O BMX (Bicycle Moto Cross ou Bicicleta de Modalidade Extrema) é um

esporte praticado numa bicicleta pequena, de aro 20” e implica na execução de corridas,

saltos e manobras em rampas ou no solo; mais especificamente em half-pipes, rampas,

nas ruas ou circuitos fechados. Possui estilos variados, sendo os dois principais o

Racing (corrida) e o Freestyle (estilo livre).

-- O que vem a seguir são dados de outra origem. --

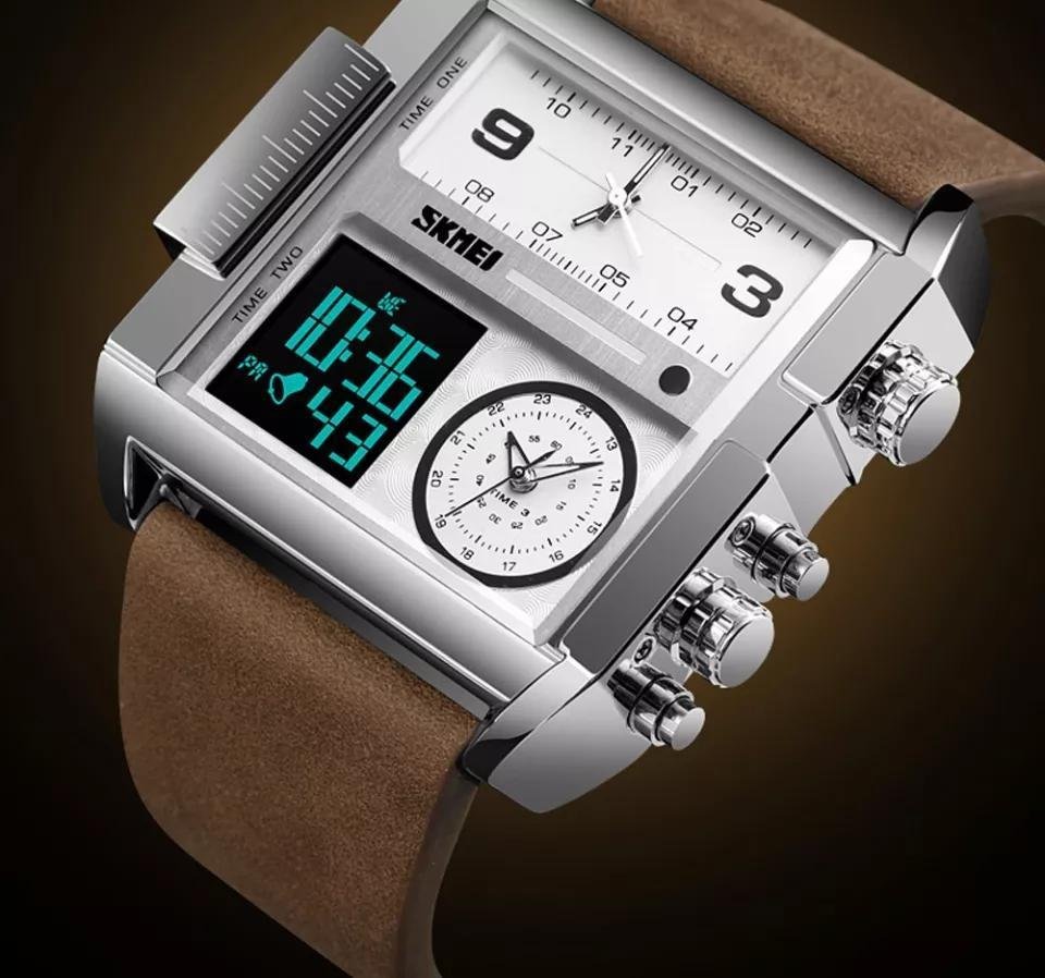 SKMEI Men’s Digital Sports Watch, LED Square Large Face Analog Quartz Watch with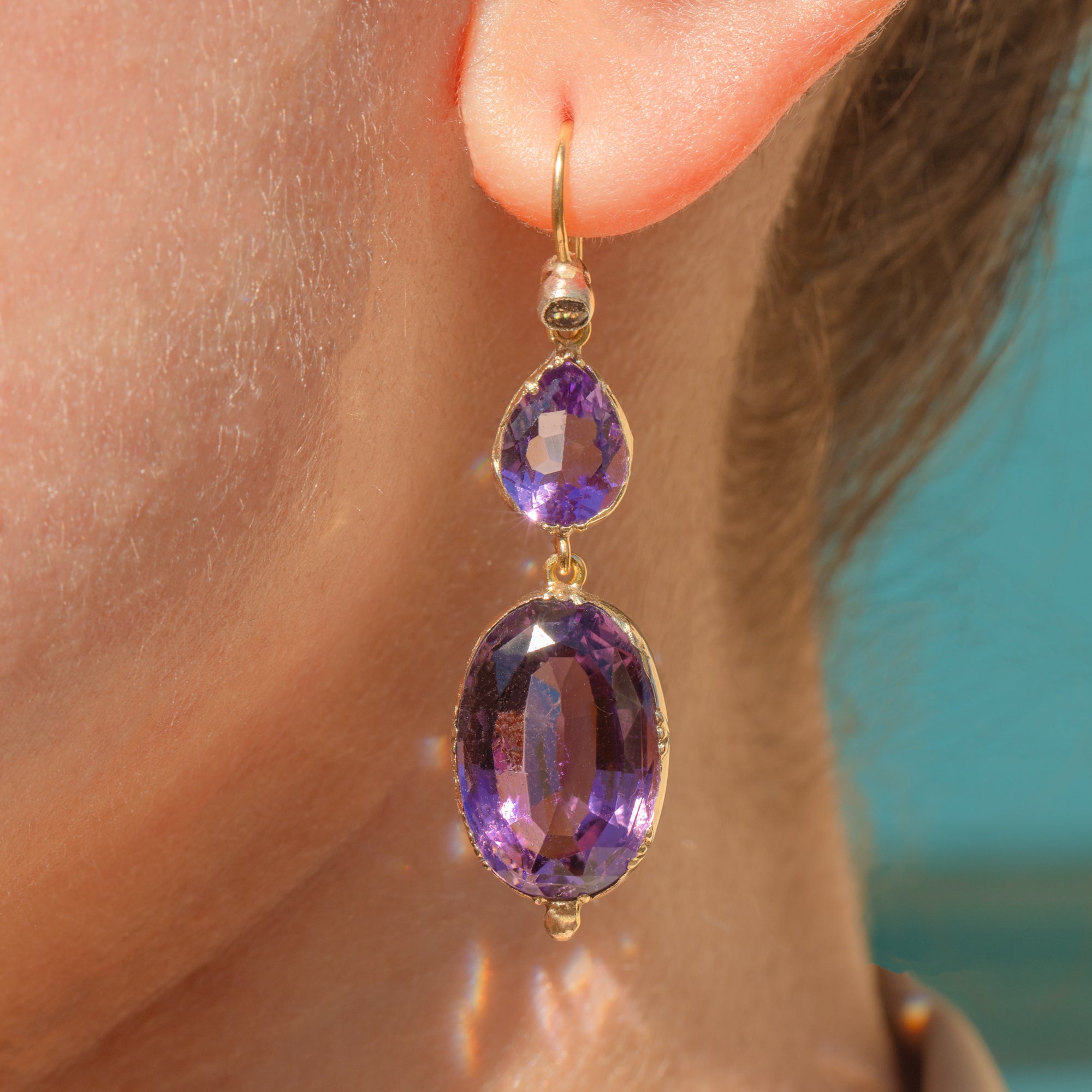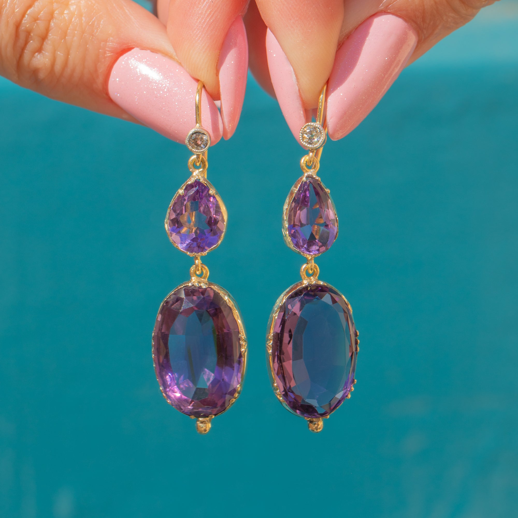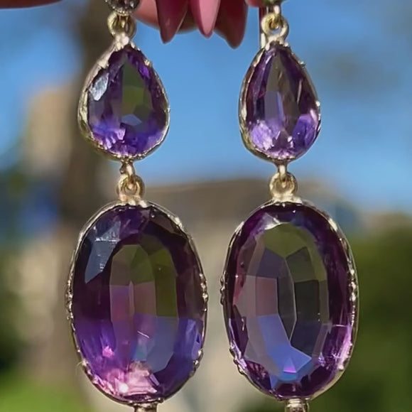 Add splendour to your attire with these bold antique 15ct Gold Amethyst Diamond drop earrings!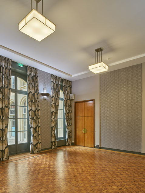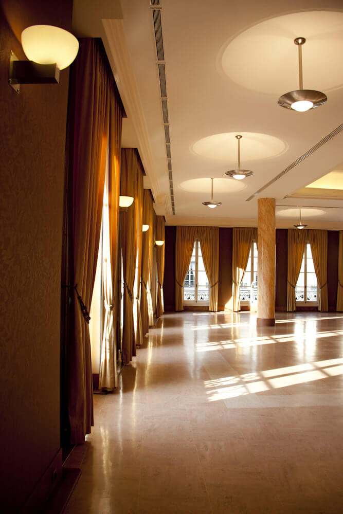 With its 530 m² floor space, 4.56-meter-high ceilings, and view of the private garden, the room 8 is the Maison de la Chimie’s signature reception space. It is also one of the finest examples of what a well-chosen light fixture can do in a large space.

O estilo livre, por sua vez, se apresenta sob

cinco modalidades de prática: o Street, Vertical, Mini Ramp, Dirt Jumping e Flatland,

sendo diferenciados pelo local e pela forma que são praticados. O primeiro é praticado

nas ruas ou em pistas que simulem os obstáculos encontrados ao ar livre, como degraus,

corrimãos, rampas, declives etc, combinando manobras de estilos diversos, a partir da

criatividade do piloto. O Vertical implica em manobras aéreas a partir de pistas de

concreto, os halfs, de tamanho superior. O Mini Ramp, apesar de praticado nos halfs,

limita-se às manobras com apoio de borda, normalmente de halfs de tamanhos e alturas

menores. O Dirt Jumping tem lugar nas pistas de terra, onde os pilotos realizam

manobras aéreas a partir de uma única rampa ou de uma sequência delas, o que se

denomina de trail. No geral, as manobras são conhecidas como back flip e 360º

backflip, back fli, tail, whip entre outras. Por fim, o Flatland, executa manobras no

solo, sem investidas aéreas, explorando a capacidade de equilíbrio e a criatividade

pessoal do esportista. Pode ser praticado com bicicleta de aro 20 ou em bicicletas

maiores. (http://www.clanbmx.blogspot.com; http://www.abbmx.com.br/bmxo%

20que%20e.htm e Diário de Campo).

Organizados em várias equipes os jovens estão presentes em diversos bairros,

especialmente na Zona Sudeste da cidade, nos bairros Dirceu Arcoverde e Renascença -,

Zona Sul – Saci, Parque Piauí, Monte Castelo -, Zona Leste – Satélite, Santa Bárbara –

e Zona Norte, mais fortemente no bairro Santa Maria da Codipe. O trabalho de campo

apontou, entretanto, que foi no bairro Dirceu que surgiram os primeiros praticantes,

como veremos a seguir Durante a pesquisa partilhamos de treinos e fizemos abordagens

às equipes: Atitude BMX, Cangaço BMX, Do Inferno BMX, Atentado BMX, Pajé

Bike, ADR BMX e Pro-Art BMX que praticam estilos variados. Acompanhamos de

perto e de modo prioritário o estilo Dirt Jump, junto às equipes que treinavam juntas na

rampa do bairro Renascença, em torno do CBMXPI.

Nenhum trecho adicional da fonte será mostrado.